When it comes to learning the Best Strength Training for Women tips, it can be hard to muddle through the various sources of information to find the truth. Many women’s fitness magazines and even personal trainers are still holding on to the idea that women should avoid strength training so that they do not begin to look masculine. They repeatedly display women working out with one or two pound weights that actually do very little to increase a woman’s level of fitness.
What is the Best Strength Training for Women Program to Follow?
Every woman’s body and fitness goals are different, so there is no one program that can claim to be the best for every single person. However, there are certain criteria that every strength training program should meet in order to maximize results. Here are some tips to help you find the right strength training program for you.
Tip #1: The program should involve the lifting of heavy weights at least once per week. In order to reach the maximum levels of fitness and gain lean muscle, it is necessary to lift heavy weights. This means that the little five pound weights you normally use are no longer needed. Find the maximum amount of weight you can lift. As you get stronger, increase the weight amount that you lift.
Tip #2: Keep your body guessing by following a program that has lots of variety. Once you learn the basics of lifting heavy weights, you can branch out and start trying new workouts on a consistent basis. In order to see major changes, you have to regularly subject your body to new moves and higher weights. Each of your strength training sessions should be different.

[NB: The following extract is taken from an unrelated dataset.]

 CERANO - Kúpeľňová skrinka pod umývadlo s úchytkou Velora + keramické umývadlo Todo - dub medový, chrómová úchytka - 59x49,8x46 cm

Tip #3: The best strength training for women routines will help you to identify your weak points and teach you how to strengthen them. Most women are weakest in their thigh muscles, triceps, back and shoulders. Your program should include exercises that specifically target your weakest areas twice per week.

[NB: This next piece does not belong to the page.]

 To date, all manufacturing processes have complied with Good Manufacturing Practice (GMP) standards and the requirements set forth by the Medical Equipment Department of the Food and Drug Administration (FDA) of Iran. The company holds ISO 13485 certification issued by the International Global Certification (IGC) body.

Tip #4: It is never a good idea to skimp on the upper body exercises. At least two of your weekly strength training sessions should work the upper body. If you have limited time during a session, at least make sure to get some upper body exercise in.
Tip #5: Programs that include an extremely motivating trainer are usually very effective. It is good to have a trainer, friend or workout partner who encourages you to do more each time you work out and pushes you past your usual stopping point. Strength training is all about increasing your level of strength by lifting bigger weights on a consistent basis. Complacency will not help you reach your goals.
These tips should be very effective with helping you to find the best strength training for women program. There are many benefits for women to strength train. The big misconception with lifting women heavy weights is that they will look masculine, but in reality, lifting helps women achieve a toned, athletic look.